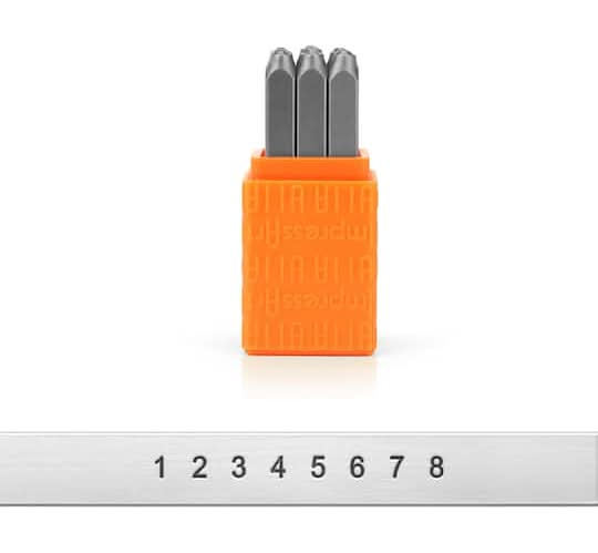 This number stamping set from Impress Art is a must-have tool for your metal stamping projects. 1.5 mm . 9 metal stamps . Numbered from 0 - 8 (6 used for 9) . Sans serif font, similar to Arial . For stamping soft metals, including aluminum, pewter, alkeme, copper, brass and nickel silver . ImpressArt Sans Serif Number Metal Stamp Set Color: None
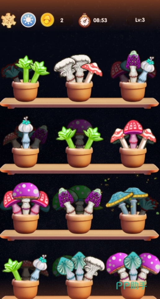 《蘑菇对对》是合成类的休闲作品,各位需将蘑菇移动至指定的花盆里来完成合成,每次成功合成令蘑菇产生一定的新变化,并生成样式更多的新蘑菇,玩法较为魔性很容易就会令人着迷,是打发时间的不错选择。而且它的操作方法也相当的简单直观,只要拖着蘑菇至指定的位置就能完成移动,任何人都能在熟悉一会后轻松上手。
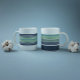 Fun rétro/mod navy bleu, turquoise, et vert rayé tasse est une façon amusante de profiter de votre café, thé, ou d'autres boissons dans ce style les années 70 et 80s rétro mod. C'est une pop de couleur vive mais apaisante qui se marie bien avec de nombreux styles de design.

- - -

» REQUIRED WORK
Would it be possible to give the material above again exactly, with the pictures left out?

» EXERCISE OUTPUT
 This number stamping set from Impress Art is a must-have tool for your metal stamping projects. 1.5 mm . 9 metal stamps . Numbered from 0 - 8 (6 used for 9) . Sans serif font, similar to Arial . For stamping soft metals, including aluminum, pewter, alkeme, copper, brass and nickel silver . ImpressArt Sans Serif Number Metal Stamp Set Color: None
 《蘑菇对对》是合成类的休闲作品,各位需将蘑菇移动至指定的花盆里来完成合成,每次成功合成令蘑菇产生一定的新变化,并生成样式更多的新蘑菇,玩法较为魔性很容易就会令人着迷,是打发时间的不错选择。而且它的操作方法也相当的简单直观,只要拖着蘑菇至指定的位置就能完成移动,任何人都能在熟悉一会后轻松上手。
 Fun rétro/mod navy bleu, turquoise, et vert rayé tasse est une façon amusante de profiter de votre café, thé, ou d'autres boissons dans ce style les années 70 et 80s rétro mod. C'est une pop de couleur vive mais apaisante qui se marie bien avec de nombreux styles de design.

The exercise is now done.